I have said it before and I will repeat it now, shooting in jpeg throws away valuable recoverable data.  Furthermore, when you shoot jpeg you are letting the camera “post process the image for you”.  Don’t believe me?  Do this test, go outside and shot a picture and shoot it in jpeg and then shoot it in RAW.  Download the two pictures and compare the file size of the jpeg with that of the image shot in RAW.  You should note a huge difference in the number of megapixels which make up each image.  The RAW file, depending on your camera, can be twice as big as the jpeg file.  So what happened to all those megapixels?  The camera post processed the jpeg image based on the camera’s internal stored memory data and then discarded all the pixels it did not use.  Threw them away not be seen again, co-poof, gone.  No chance of ever recovering detail in post processing.  Did you know that the discorded data could be up to 61% of the total that could have been captured?  The next images were taken with a Nikon 24megapixel camera, Nikon D750. (Click on an image to enlarge it.)
The above image was captured as a jpeg right out of the camera and consisting of 11.92MB and at a resolution of 300ppi.   When you compare this to the image below (Image II) it is obvious that the camera has applied some processing.  The RAW file below is muted or dull and flat in appearance. (Click on an image to enlarge it.)
This second image is the unprocessed RAW file and contains 28MB of data, just waiting to be processed.  Note the difference in the sizes of the two images, 11.92MB for the jpeg and 28MB for the RAW file.  That is a loss of data of approximately 57%, this will differ with various cameras but the principal will always be the same.  What happens to that data?  It is lost.

So what is so important about this?  The ability to recover highlights and shadows in post processing is lost.  Many times, as I will show later in this article, data can be recovered in processing.  Today’s cameras have the ability to record a large amount of dynamic contrast, the difference between lights and dark, which can be brought forward in the digital darkroom (computer).

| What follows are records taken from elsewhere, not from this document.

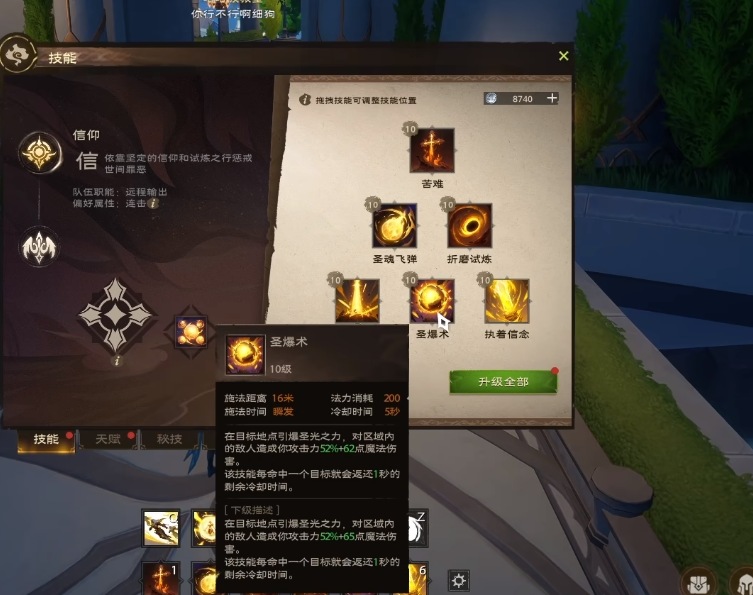 5技能圣爆术:向目标区域引动圣光之力并引爆,对范围内敌人造成攻击力52%附加62点的法术伤害。该技能每命中一个目标,即可返还1秒剩余冷却时间。其法力消耗为200点,冷却时长5秒。推荐天赋方面,可选择“所有技能基础法力消耗降低2%”与“技能连击时额外回复4点法力值”;此外,“强化圣爆术”天赋也值得考虑,它能让圣爆术基础伤害提升5%、基础法力消耗降低5%——推荐此天赋的核心原因,在于圣爆术本身法力消耗较高。
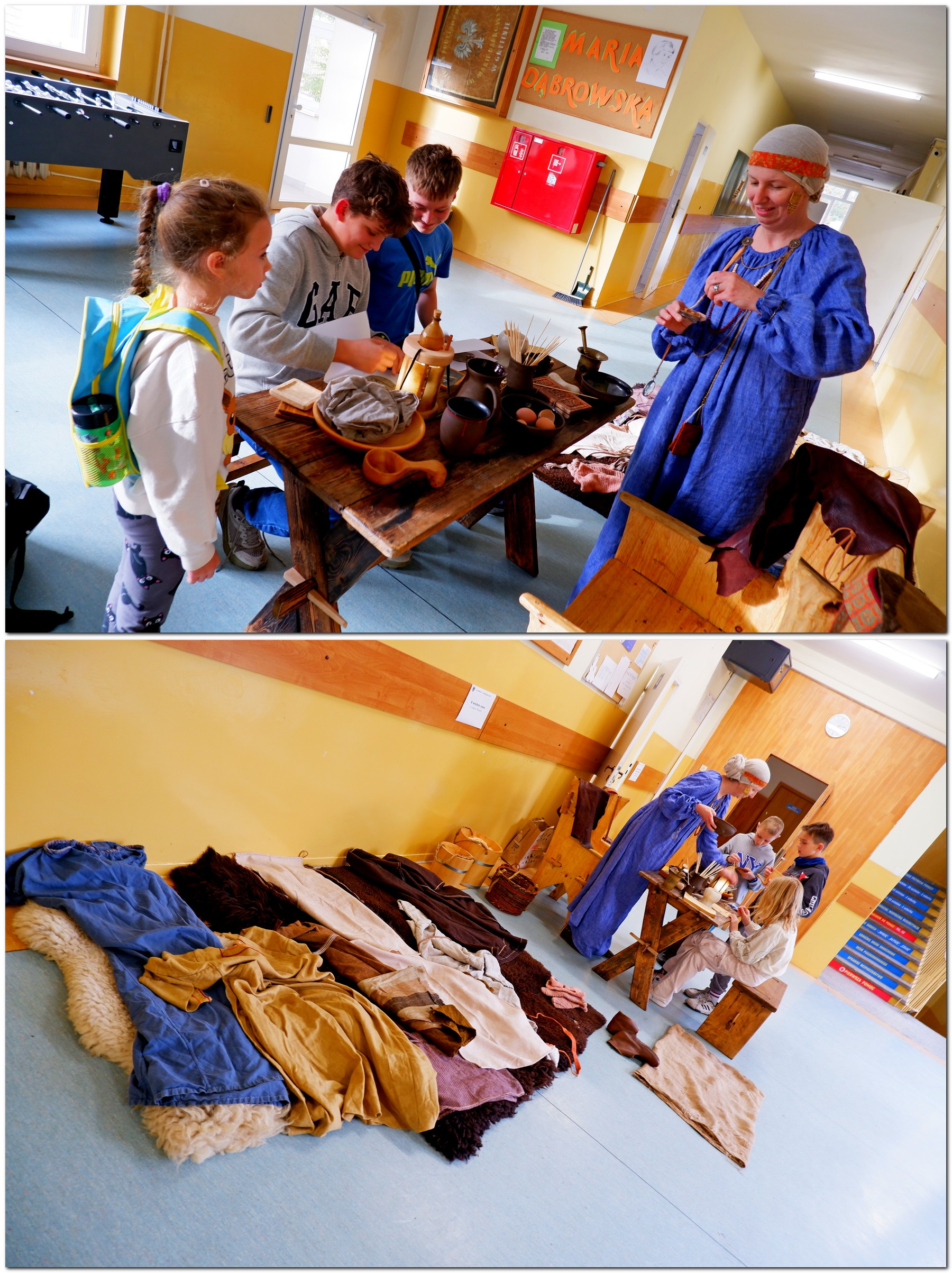 Po spotkaniu nadszedł czas na działanie w pełnym znaczeniu tego słowa! Szkolne korytarze i klasy zamieniły się w przestrzeń pełną zagadek, eksperymentów i przygód. Było i coś dla ciała, i coś dla umysłu. Coś związanego z historią i tradycją oraz coś zupełnie nowoczesnego! W Escape Boxie – Sekrecie tajemniczej skrzyni pod opieką pań: Żanety Sobczak i Edyty Kanieckiej uczestniczki i uczestnicy z zapałem rozwiązywali łamigłówki, współpracując, by odkryć hasło i zdobyć skarb ukryty w skrzyni. Tuż obok w Wehikule czasu dzięki pani Marii Swiątek można było cofnąć się o tysiąc lat, spróbować pisania gęsim piórem lub na glinianych tabliczkach i przywdziać dawne stroje – prawdziwa podróż do przeszłości!
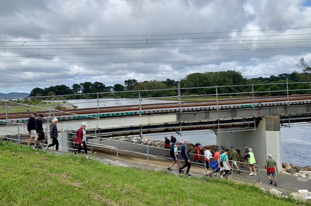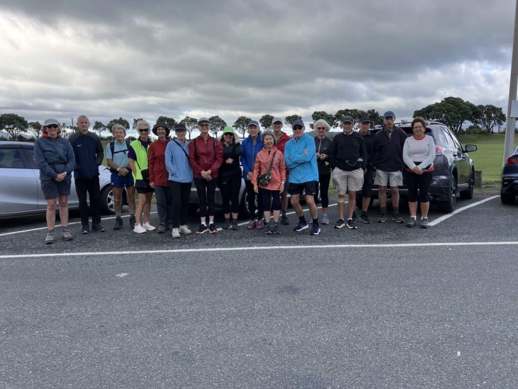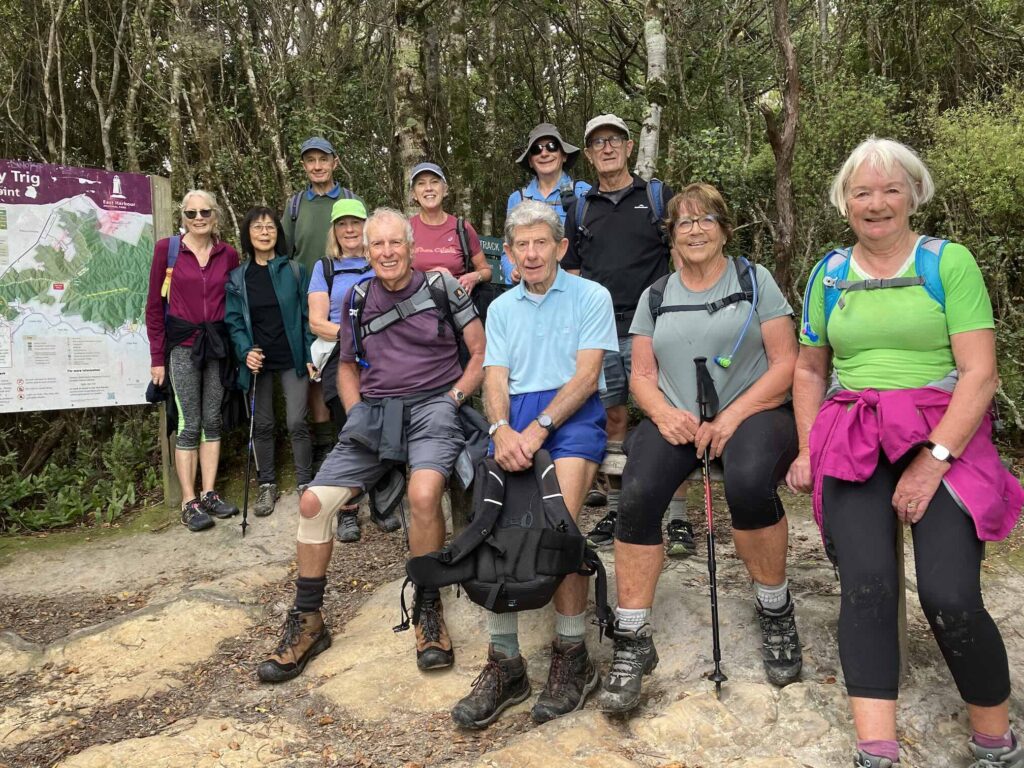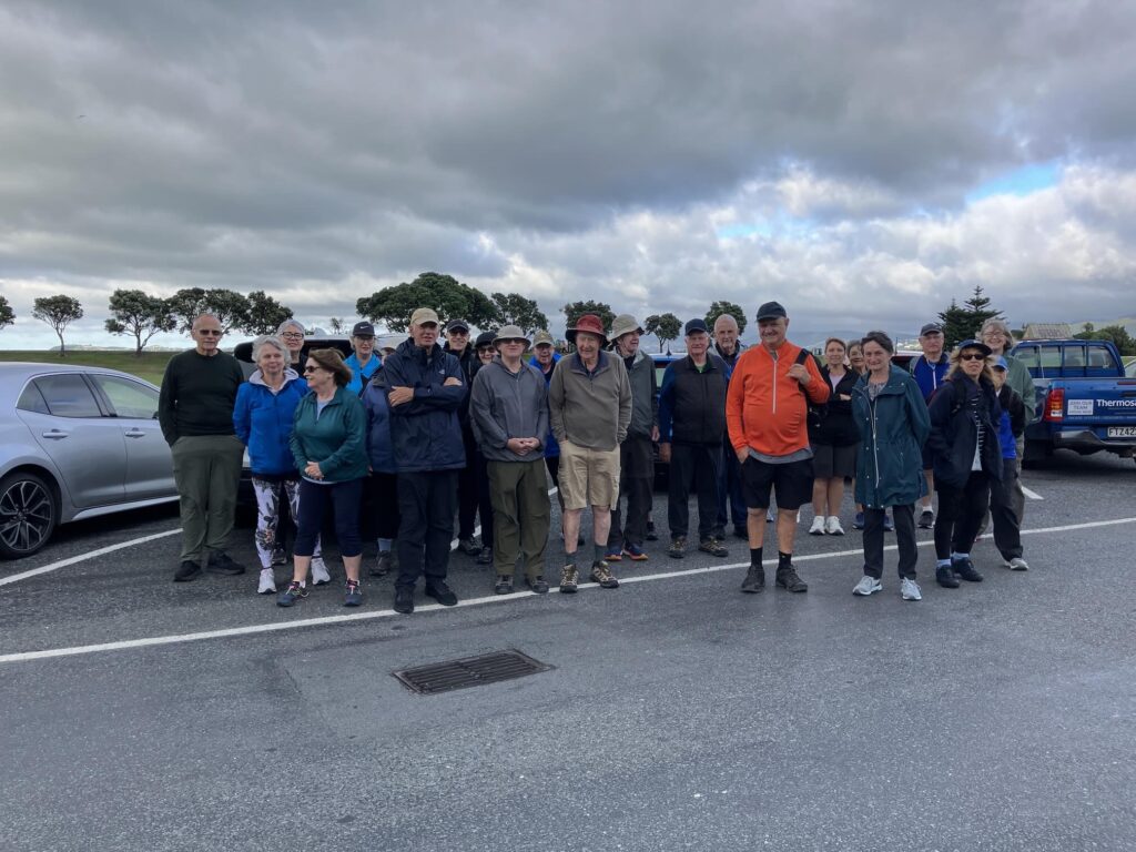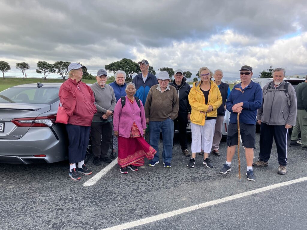 As David has outlined, all three walks were completed this week. Wednesday’s photos reflect the groups and their surroundings at and away from Te Awa Kairangi/ Hutt River; Thursday’s walkers were out and about in Johnsonville/Broadmeadows; and the Friday team – still a bit depleted in numbers due to injuries and travel – were guided by Clint on various challenging bush tracks (see Russell’s definitions above!) between Lowry and York Bays and Wainuiomata. The Friday walkers also spent some time on footpaths, roads and walkways. They were also asked to leave a walkway under construction along Marine Drive – there was a temptation to leave a mark from CPCW in the newly poured concrete, but it was resisted!
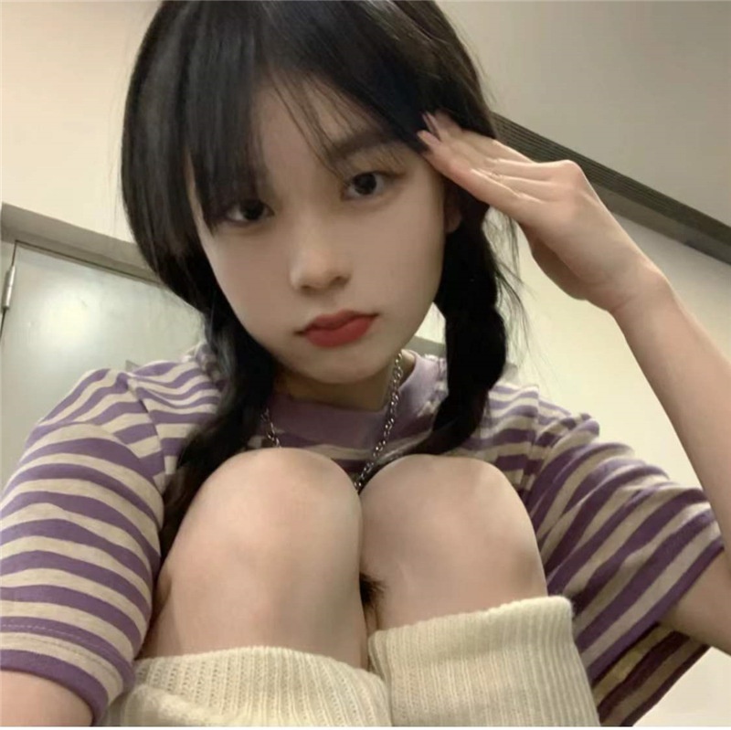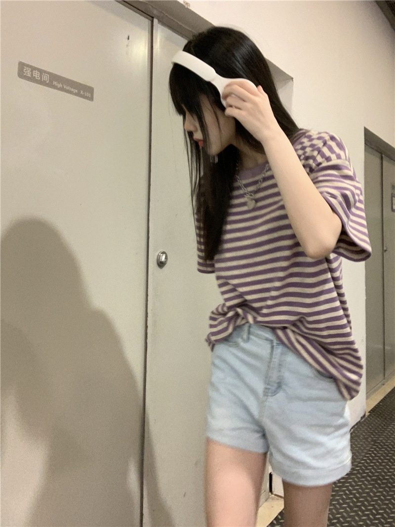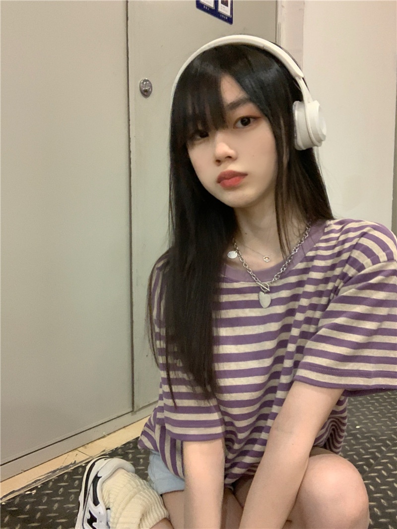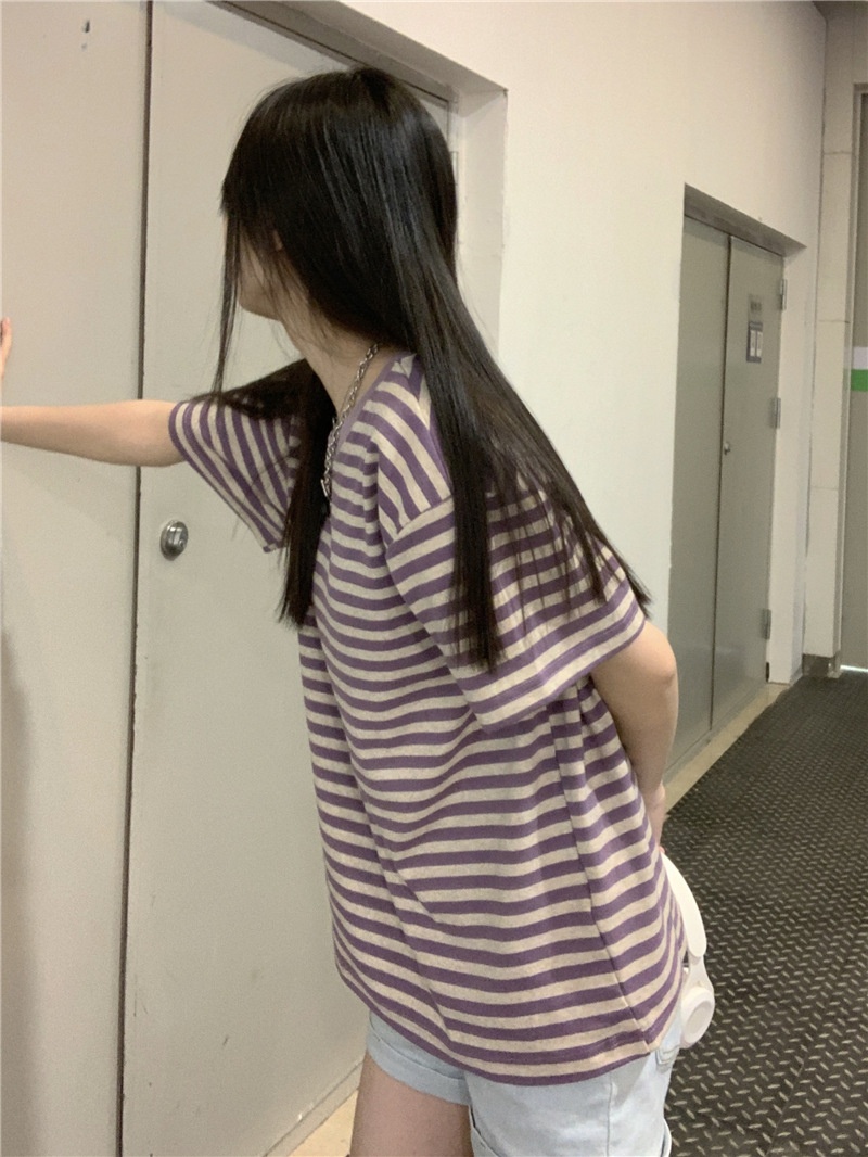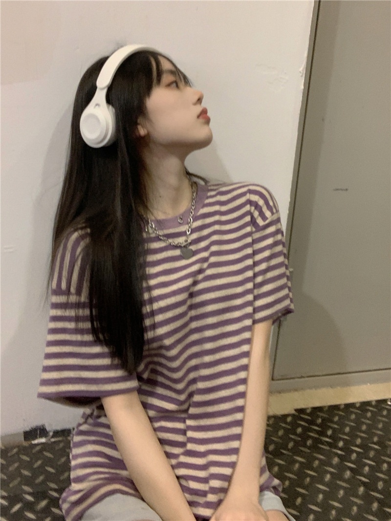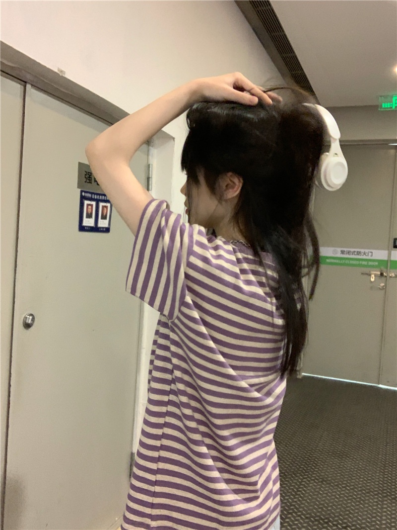 条纹短袖T恤女春季韩版2024新款学生紫色百搭宽松圆领套头上衣潮

Let’s look at image III taken with a Nikon 36megapixel camera, Nikon D810. Even though I used two different cameras from different periods in time the principal of lost data from shooting jpeg versus RAW is the same. Just for information this was captured at Millstream Gardens on the St. Francis River.  This RAW file is 76MB in size.  The jpeg version of this image would be about 29MB or 61% less data.  Note here that the sky appears to be washed out or overcast.  However, on the day this picture was taken there were in fact clouds in the sky.  But standing in the shade and shooting a scene that has a bright sunny background is definitely a high contrast scenario.  But like I said today’s cameras can capture a large range of light/dark contrast. (Click on an image to enlarge it.)


So I am going to take this image into Photoshop and process it to bring back the details not showing but were in fact captured by the camera.  How can I do this? Because the data is still there in the RAW file, it was not discarded by the camera but in fact was captured and stored on the SD card.  This affords me the opportunity to recover as much data in the image as is possible.  I usually begin with some general adjustments in a RAW processer.  My RAW converter is “Adobe Bridge”. I use it to set the camera mode, correct for “Chromatic Aberration” should any exist and enable “Profile Correction”.  I use Layers in Photoshop to pull back the light and open up the shadwows but this can be done in “Bridge” or “Lightroom”.

Before we go any farther lets explain Chromatic Aberration and Profile Correction.  Chromatic aberration (also known as color fringing or dispersion) is a common problem in lenses which occurs when colors are incorrectly refracted (bent) by the lens, resulting in a mismatch at the focal point where the colors do not combine as they should. 
It can appear as a green or red fringe around the sharp edges of your subject.  Chromatic Aberration happens because your lens acts as a prism; bending light depending on the various properties of the glass.

Profile correction allows you to fix lens problems such as distortion, chromatic aberration, and vignetting.

There is a lot that can be down in the “Bridge” or “Lighroom” and for general purposes you should be able to accomplish everything you need in these programs.  You can adjust the temperature, to make your image cooler or warmer.  Adjust contrast locally or globally.  Pull back the highlights in case there is some spiking of them and open up the shadows.  Adjusting clarity can make a picture appear to be sharper and you can even apply sharpening and reduce noise as well.  You can also adjust the saturation of colors globally or increase non-saturated colors by adjusting the vibrance slider.

Image IV is the completed processing of the RAW file.  Not that I was able to recover some really nice clouds, opened up some mid-tones or shadows, brought out the colors, and increased the overall sharpness, all without distorting any parts of the image.  Because of the file size I could enlarge this picture for printing without any loss of detail. (Click on an image to enlarge it.)


I should point out that shooting in RAW will require more processing time and this can be daunting if you have taken hundreds of shots.  Today’s software’s make it possible to process one image and then copy the adjustments to subsequent images.  There are hundreds of presets available to aid in the processing task as well as plug-ins like NIK and Topaz or even On1.

I shoot in RAW but there are times when jpeg is the way to go.  For example when I shoot a sports event like a high school football game I will shoot in jpeg.  I have even been known to shoot wildlife in jpeg and RAW at the same time.  Now there is absolutely nothing wrong with whichever method you prefer and with cameras offering 36 to 50 megapixels there is a lot of room for adjustments even in a jpeg file.  I have seen some drop dead gorgeous landscape images that were taken in jpeg mode.  But to capture that breathtaking sunset or sunrise or any dynamic range landscape I encourage you to shoot in RAW format.  Beside for me post processing can be as much fun as actually taking the image.  Well maybe the next best thing to taking the image.